The Day After...
*You caught me, this was taken from my old blog. But I love this one....*
I am so happy to be able to write this blog from the comfort of my own sofa, with my son asleep next to me in his moses basket, with the golf on, while my wife rests in bed after the toughest 4 days of our lives. I know this has been a highly anticipated blog and I hope it lives up to everyones expectations!
So if I did a whole blow by blow account of whats gone on since my last blog, I would be writing a novel. So long story short, my wife began early labour on Wednesday. She spent all of Wednesday night, Thursday day, Thursday night and Friday day in labour (applause here). Then after all of that hard work she put in and pain she suffered through, only getting 5 hours sleep over 3 nights, our son was back to back. So she ended up having to have a caesarean section on Friday late evening. So at 7:45pm on Friday 20th April, our son, Rory Sebastian Davies was born. By far the best days of our lives (apart from all of the pain and suffering my wife had to go through). My wife then spent a further 2 nights in hospital, and we arrived home today. So that is the very very quick version of how our son was born.
One thing I did want to put into this blog was how amazing my wife is. She managed to deal with all that pain, all that suffering and still stayed calm, relaxed, patient and happy. We had 7 different midwives over the few days (may have been more but I met 7), and they all said that she is so calm and relaxed and they have never seen anybody who was 9cm dilated for 5 hours be so relaxed. She had senior doctors coming in to examine her, who at first glance, didn't even think she was in labour as she was so relaxed. So a massive massive thank you goes out to her who has looked after our son for 9 months and been so incredible over the last few days.
Now, the dad bit, the bits that nobody will ever prepare you for, the bits that nobody actually tells you about. These are the bits I have found the toughest over the past few days and I am sure that there are dads out there who will agree or dads out there who will appreciate the advice.
Speak up - many of you will be thinking "its not my job to tell the midwives or doctors what my wife wants or needs, or tell my wife what she needs" but you have to. You have to be able to stand up and tell them what your wife needs in her time of need. Don't be scared to ask questions or speak your mind, you have the right to know whats going on. You have to remember you are the dad, and as clueless as I may have been before this week, I quickly learnt about it all as I wanted to make sure my wife and son were ok. So first bit of advice future dads, stand up for your family and make sure you are confident to tell them when your wife wants or needs.
Labour - now this for us was quite a different experience for most as it lasted so long, but whatever labour your partner has, you MUST be as positive as you can. It doesn't matter how frustrated, how fed up, how tired you get. Your wife is going through more, your wife is the one in discomfort and pain so you have to put all of your own problems aside and step up to the mark. I would like to think I did this, but my wife may tell you differently. But you can make labour a much better and easier experience by just being a positive and supportive partner.

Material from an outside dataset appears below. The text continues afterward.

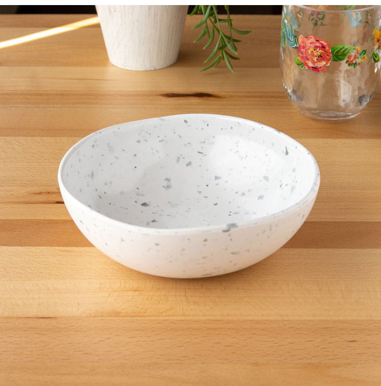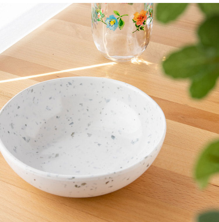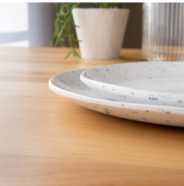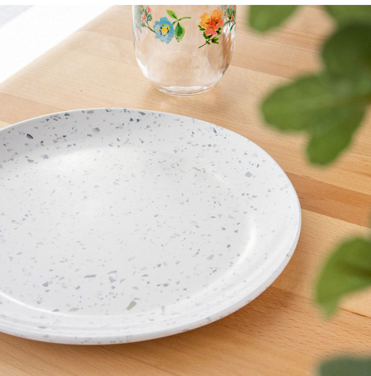 自然な斑点が有る磁器の風合いを模したシックなメラミン食器です
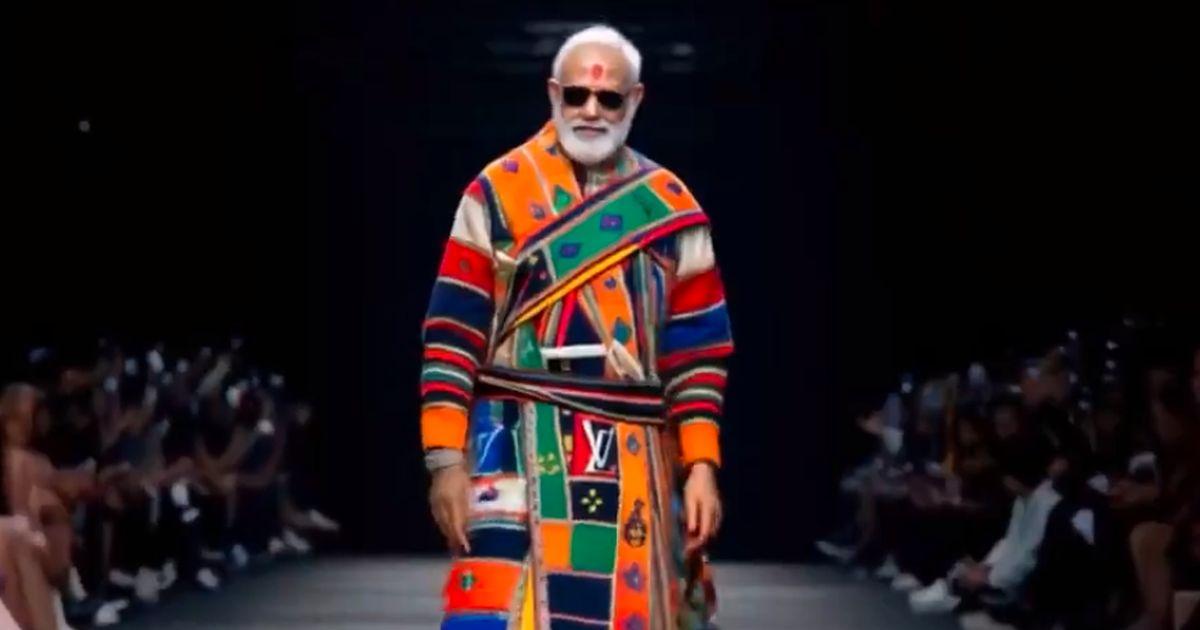 PM Modi is featured walking the runway with swag, donning chic sunshades, and white shoes and wearing a vibrant patchwork ensemble of modern motifs.

Pain - this is the hardest thing you will have to deal with, seeing your partner in a world of pain that you cannot help with. I know people tell you about this bit, but I promise you, nobody will ever be able to prepare you for it. Along with all this, I had to spend a short space of time (felt like eternity), outside theatre where they were doing the c-section while they got my wife ready. You will cry, you will call your mum and you will sit in a dark room when your alone, trying to forget or figure out a way to help her, but there is no way unfortunately. Now that all sounds very horrible and stressful, but I wanted to be honest.
Now with all that in mind, you forget it all the minute they put your new born baby in your arms. Friday feels an eternity ago already, because we have our amazing son who is our little miracle. He is home, he is fine and he is amazing.
This blog may not be what you were all expecting, but as you can imagine, the past 5 days have been a real rollercoaster and I don't think it has all fully processed just yet. I have already changed 6 nappies, 4 outfits and been sprayed by the human fountain, but it still hasn't fully sunk in what has happened. So expect another blog later in the week with more information about all this. Until then, I am going to enjoy spending time with my wife and my son and build up many memories and stories to share with you all.